▶ _Work request_: Extract every line between the one with "累積ログイン時間部門に設定さ" and the end of the entries, both included, word for word and free of pictures.

[Recorded data]
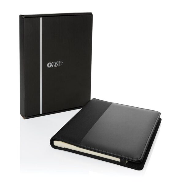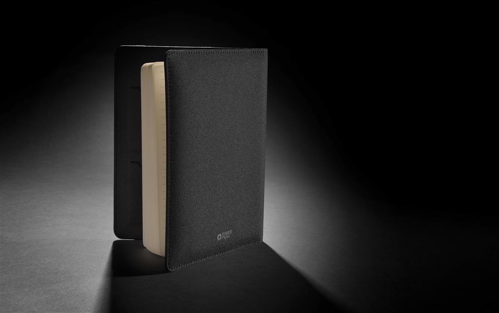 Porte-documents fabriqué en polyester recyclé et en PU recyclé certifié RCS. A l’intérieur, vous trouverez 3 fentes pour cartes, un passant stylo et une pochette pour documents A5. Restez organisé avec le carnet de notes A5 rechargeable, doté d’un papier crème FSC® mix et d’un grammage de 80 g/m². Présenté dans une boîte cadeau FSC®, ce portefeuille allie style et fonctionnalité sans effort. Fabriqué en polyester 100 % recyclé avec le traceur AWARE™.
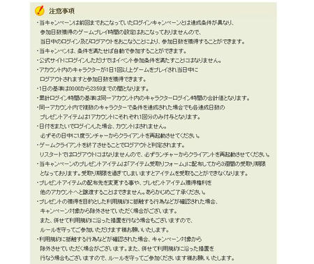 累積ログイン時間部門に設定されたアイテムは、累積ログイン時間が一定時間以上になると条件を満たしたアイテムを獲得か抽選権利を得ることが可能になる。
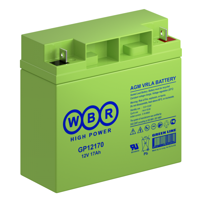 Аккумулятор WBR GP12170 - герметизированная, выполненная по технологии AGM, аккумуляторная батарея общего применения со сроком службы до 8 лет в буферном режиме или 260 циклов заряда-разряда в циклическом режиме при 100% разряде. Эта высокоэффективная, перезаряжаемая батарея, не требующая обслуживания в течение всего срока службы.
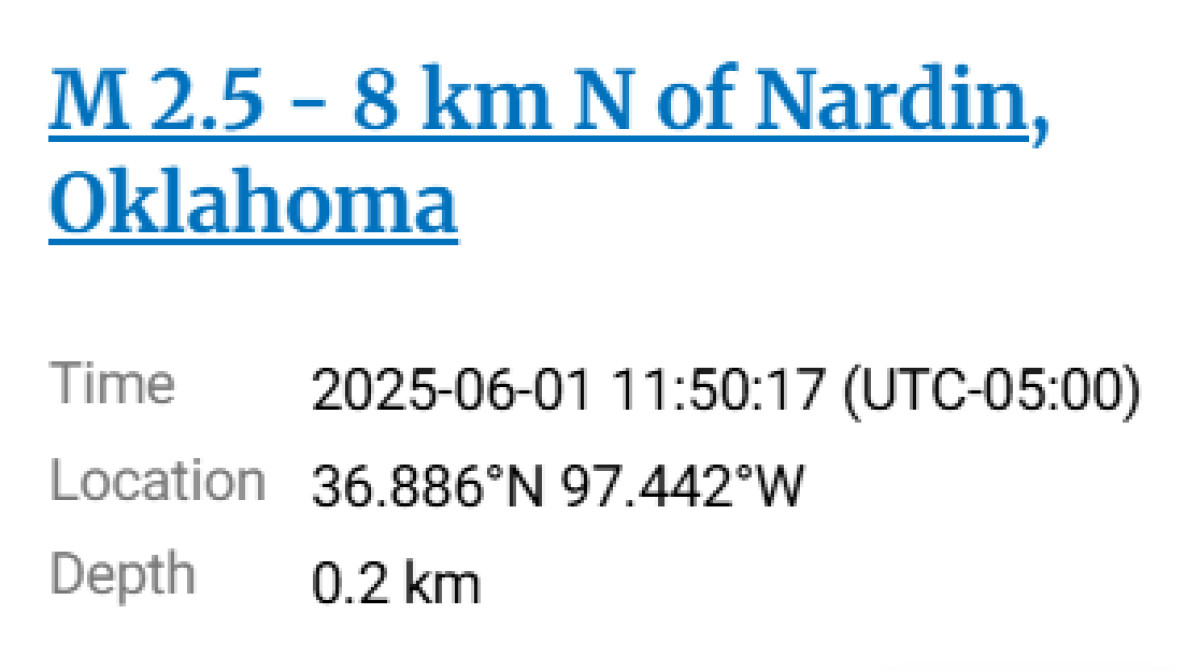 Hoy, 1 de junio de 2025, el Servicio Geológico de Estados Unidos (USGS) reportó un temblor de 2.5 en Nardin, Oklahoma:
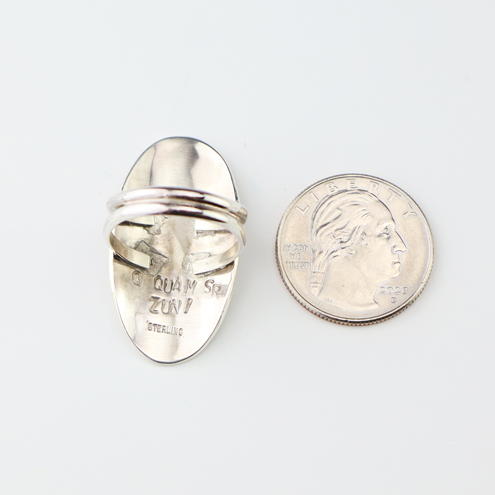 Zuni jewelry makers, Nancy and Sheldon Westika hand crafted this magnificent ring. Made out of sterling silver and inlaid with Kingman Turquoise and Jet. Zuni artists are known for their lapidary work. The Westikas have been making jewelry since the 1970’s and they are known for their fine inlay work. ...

▶ _Written response_:
 累積ログイン時間部門に設定されたアイテムは、累積ログイン時間が一定時間以上になると条件を満たしたアイテムを獲得か抽選権利を得ることが可能になる。
 Аккумулятор WBR GP12170 - герметизированная, выполненная по технологии AGM, аккумуляторная батарея общего применения со сроком службы до 8 лет в буферном режиме или 260 циклов заряда-разряда в циклическом режиме при 100% разряде. Эта высокоэффективная, перезаряжаемая батарея, не требующая обслуживания в течение всего срока службы.
 Hoy, 1 de junio de 2025, el Servicio Geológico de Estados Unidos (USGS) reportó un temblor de 2.5 en Nardin, Oklahoma:
 Zuni jewelry makers, Nancy and Sheldon Westika hand crafted this magnificent ring. Made out of sterling silver and inlaid with Kingman Turquoise and Jet. Zuni artists are known for their lapidary work. The Westikas have been making jewelry since the 1970’s and they are known for their fine inlay work. ...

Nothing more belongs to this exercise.